▶ _Information supplied_:
BEGIN
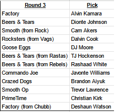 TL: After getting an extra pick from Chubble last round, Factory gambles here and takes Alvin Kamara
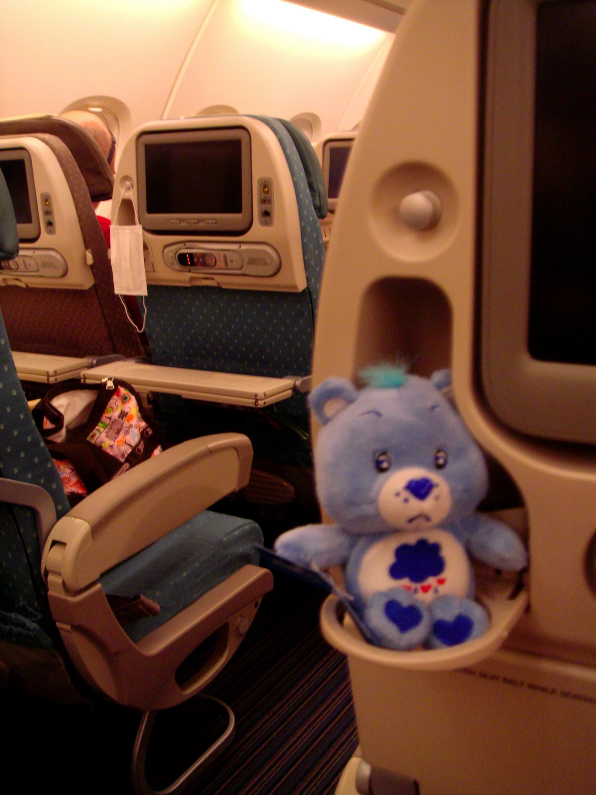 Introducing Bluey Bear on the plane. He was given to me by someone special (of course!) to take on my trip. The constant frown on Bluey’s face was how much he was missing me back at home. Aww….. 🙂
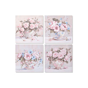 Painting Home ESPRIT White Pink Roses Romantic 60 x 3 x 60 cm (4 Units)
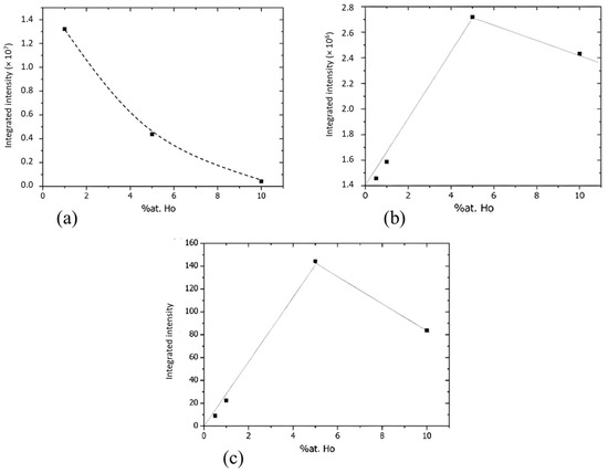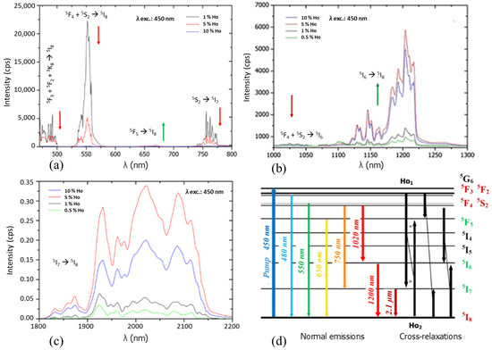 In the Visible range, the emission bands symbolized by red arrows presented a strong decrease when the doping rate increased, with an extinction at 10 at.%Ho (Figure 7a). The identified transitions were 5F3 + 5F2 + 3K8→5I8 at 480 nm, 5F4 + 5S2→5I8 at 550 nm and 5S2→5I7 at 750 nm. However, the transition at 650 nm corresponding to 5F5→5I7 was the only one to increase when the Ho3+ content increased. This change in the relative lines intensity was also observed in the Near-IR range, where the transition 5F4 + 5S2→5I6 at 1020 nm decreased, whereas the one at 1200 nm, associated with 5I6→5I8, increased until Holmium doping reached 5%. A maximum of the 5I7→5I8 transition in Mid-IR at 1.8–2.1 µm was observed for the same Ho3+ content (Figure 7b,c).
END
In the listing above, find the line with "Introducing Bluey Bear" and the line with "Painting Home ESPRIT". Set down both and every line between them, minus the pictures.

▶ _Solved exercise_:
 Introducing Bluey Bear on the plane. He was given to me by someone special (of course!) to take on my trip. The constant frown on Bluey’s face was how much he was missing me back at home. Aww….. 🙂
 Painting Home ESPRIT White Pink Roses Romantic 60 x 3 x 60 cm (4 Units)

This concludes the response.